И тогда я впервые увидел Люцию.
Она шла мне навстречу; входила во двор кинотеатра; почему я не минул ее и не прошел дальше? вызвано ли это было особой замедленностью моей прогулки? или было что-то необычное в запоздало-сумеречном освещении двора, заставившее меня оставаться в нем еще минуту-другую и не выходить на улицу? или причиной тому была внешность Люции? Но ведь внешность эта была совсем заурядной, хотя позднее именно эта заурядность трогала и привлекала меня; так чем же объяснить, что Люция поразила меня с первого взгляда и я остановился как вкопанный? Разве таких же девичьих заурядностей я не встречал на остравских улицах? Или эта заурядность была так незаурядна? Не знаю. Одно ясно: я продолжал стоять и смотреть вслед девушке. Она подошла медленным, неспешным шагом к витрине и стала рассматривать кадры «Суда чести»; затем неторопливо оторвала от них взгляд и прошла через открытую дверь в маленький зальчик, где находилась касса. Да, теперь понимаю: это, возможно, была та особая Люциина неторопливость, что так заворожила меня, неторопливость, от которой словно исходило покорное сознание, что спешить некуда и напрасно тянуть к чему-то нетерпеливые руки. Да, пожалуй, и вправду именно эта неспешность, исполненная грусти, заставила меня издали наблюдать за девушкой — как она идет к кассе, как вынимает мелочь, покупает билет, заглядывает в зал, а потом снова поворачивается и выходит во двор.

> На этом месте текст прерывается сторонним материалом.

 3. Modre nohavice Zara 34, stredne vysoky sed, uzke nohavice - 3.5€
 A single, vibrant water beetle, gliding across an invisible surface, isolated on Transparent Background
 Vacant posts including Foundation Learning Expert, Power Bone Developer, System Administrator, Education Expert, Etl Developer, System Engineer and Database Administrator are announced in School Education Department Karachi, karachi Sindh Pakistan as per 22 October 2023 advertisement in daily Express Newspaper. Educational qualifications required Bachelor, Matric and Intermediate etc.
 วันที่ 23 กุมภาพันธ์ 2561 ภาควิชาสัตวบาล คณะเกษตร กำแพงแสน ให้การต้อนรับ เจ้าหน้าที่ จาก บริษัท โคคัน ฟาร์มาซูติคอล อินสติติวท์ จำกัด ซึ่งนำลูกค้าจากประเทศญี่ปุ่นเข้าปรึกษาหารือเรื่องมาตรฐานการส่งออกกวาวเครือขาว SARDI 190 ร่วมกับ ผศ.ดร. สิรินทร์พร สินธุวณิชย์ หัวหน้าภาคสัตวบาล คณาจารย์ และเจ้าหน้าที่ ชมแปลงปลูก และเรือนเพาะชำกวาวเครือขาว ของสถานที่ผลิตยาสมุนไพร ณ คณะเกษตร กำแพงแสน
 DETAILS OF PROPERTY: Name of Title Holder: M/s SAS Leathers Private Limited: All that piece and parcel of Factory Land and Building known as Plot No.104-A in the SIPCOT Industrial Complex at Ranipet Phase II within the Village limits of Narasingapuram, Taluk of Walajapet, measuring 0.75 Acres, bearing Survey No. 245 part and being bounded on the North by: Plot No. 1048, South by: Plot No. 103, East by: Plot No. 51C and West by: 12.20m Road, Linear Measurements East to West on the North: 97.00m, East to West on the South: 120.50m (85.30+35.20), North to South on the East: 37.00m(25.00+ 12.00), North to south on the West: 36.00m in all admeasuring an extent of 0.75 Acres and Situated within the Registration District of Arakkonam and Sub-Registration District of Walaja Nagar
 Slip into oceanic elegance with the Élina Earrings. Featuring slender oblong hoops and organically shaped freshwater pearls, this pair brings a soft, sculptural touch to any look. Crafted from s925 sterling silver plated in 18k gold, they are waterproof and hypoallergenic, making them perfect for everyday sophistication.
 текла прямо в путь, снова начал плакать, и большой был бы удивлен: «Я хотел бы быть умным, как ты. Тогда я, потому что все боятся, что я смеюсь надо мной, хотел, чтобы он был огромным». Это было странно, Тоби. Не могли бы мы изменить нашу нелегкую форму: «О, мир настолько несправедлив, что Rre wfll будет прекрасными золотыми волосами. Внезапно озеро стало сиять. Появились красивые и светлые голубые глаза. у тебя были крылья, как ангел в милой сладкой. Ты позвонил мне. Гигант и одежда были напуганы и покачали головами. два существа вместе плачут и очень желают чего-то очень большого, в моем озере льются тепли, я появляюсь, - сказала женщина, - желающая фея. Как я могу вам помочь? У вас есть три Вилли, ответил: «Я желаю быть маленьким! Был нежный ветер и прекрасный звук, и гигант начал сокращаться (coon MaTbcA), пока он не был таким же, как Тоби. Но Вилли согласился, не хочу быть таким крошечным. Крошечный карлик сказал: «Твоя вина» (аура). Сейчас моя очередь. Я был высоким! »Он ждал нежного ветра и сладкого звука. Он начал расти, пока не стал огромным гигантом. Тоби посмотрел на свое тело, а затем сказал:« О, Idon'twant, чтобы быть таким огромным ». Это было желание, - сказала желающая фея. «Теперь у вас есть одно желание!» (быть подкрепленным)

Я не спускал с нее глаз. Она стояла спиной ко мне, устремив взгляд вдаль, куда-то за пределы двора, где, огороженные деревянными заборчиками, ползли вверх сады и деревенские хатки, окаймленные контурами коричневой каменоломни. (Никогда не смогу забыть этот двор, помню каждую его деталь, помню проволочную изгородь, отделявшую этот двор от соседнего, где на лестнице, ведшей в дом, лупила глазки маленькая девочка; помню, лестницу обрамлял ступенчатый парапет, на котором стояли два пустых цветочных горшка и серый таз; помню закопченное солнце, спускавшееся к горизонту каменоломни.)